For business intelligence or analytics, there is a place for Excel as they typically have smaller sets of data and completely different objectives, but in data science Excel is not powerful enough for even simple tasks like data cleaning.
I have taught at three different universities on data science programs and none have any Excel classes for good reason. The only people who need Excel are business studies and economics students.
Assuming all you say is correct - there are tons of business and economics use cases for Excel. Isn’t it a great thing for Microsoft to add Python for those users?
And aren’t there use cases as well for business and economics where a complex Excel project might benefit from a data scientist’s help?

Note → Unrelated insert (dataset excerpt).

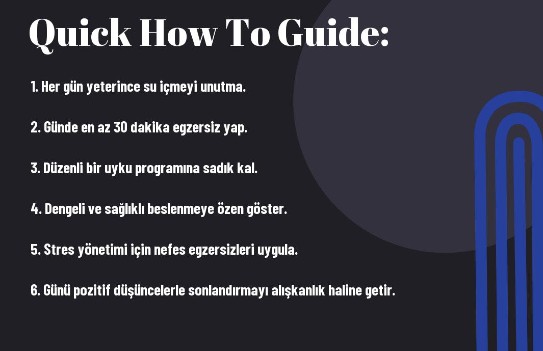 Sağlıklı bir yaşam sürmek için her gün küçük ama etkili alışkanlıklar edinmelisiniz. Günde en az iki litre su içmek, düzenli egzersiz yapmak ve uyku düzeninize dikkat etmek, hem fiziksel hem de zihinsel sağlığınızı olumlu yönde etkileyecektir. Bu alışkanlıkları günlük rutininize entegre ederek, yaşam kalitenizi artırabilir ve enerjik bir yaşam sürdürebilirsiniz. Unutmayın, sağlıklı bir yaşam tarzı seçimi, sizin elinizde!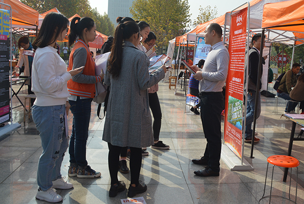 本网讯(通讯员/冯大清)为了给学生提供良好的就业平台,增加学生的就业针对性与时效性,10月27日,电子商务学院联合文法学院、音乐学院和经济管理学院在我校齐贤广场举办2017冬季招聘会。电商学院党总支书记逯忆、14级导员赵杰亲临现场指导学生应聘,百余名学生前来应聘。此次招聘会吸引近六十家企业前来招聘。

I think your insights are very specific to data science as a discipline and doesn’t take into account the many different people who need to interact and get insights from data. I went through a data science training program in college, and my mentor who ran the program definitely had a similar anti-Excel bias. It wasn’t until I got a job as an analyst that I realized that all business users really want is data in Excel, not a dashboard or some summary of their data even when they admit that the dashboard gives them exactly what they want to see/look at. Most people are not data scientists, and most companies don’t even employ them choosing instead to hire more Business Intelligence type roles.
In my current role as a data engineer, I use mostly SQL and Python but every once in a while, I need to use Excel and would say that’s often the most value-add work I do for the company. I wish I had taken the CS for business class in college that taught Excel in-depth. It would have been so much more valuable than some of the math/stats courses I took. When asked for advice from students in the data science program at my alma mater, I always tell them to take the Excel class.
I appreciate your perspective and appreciate you running a program training students. I would not be where I am today if not for one of those programs. My experience has been that the world is a lot bigger and more diverse than those programs lead kids to believe.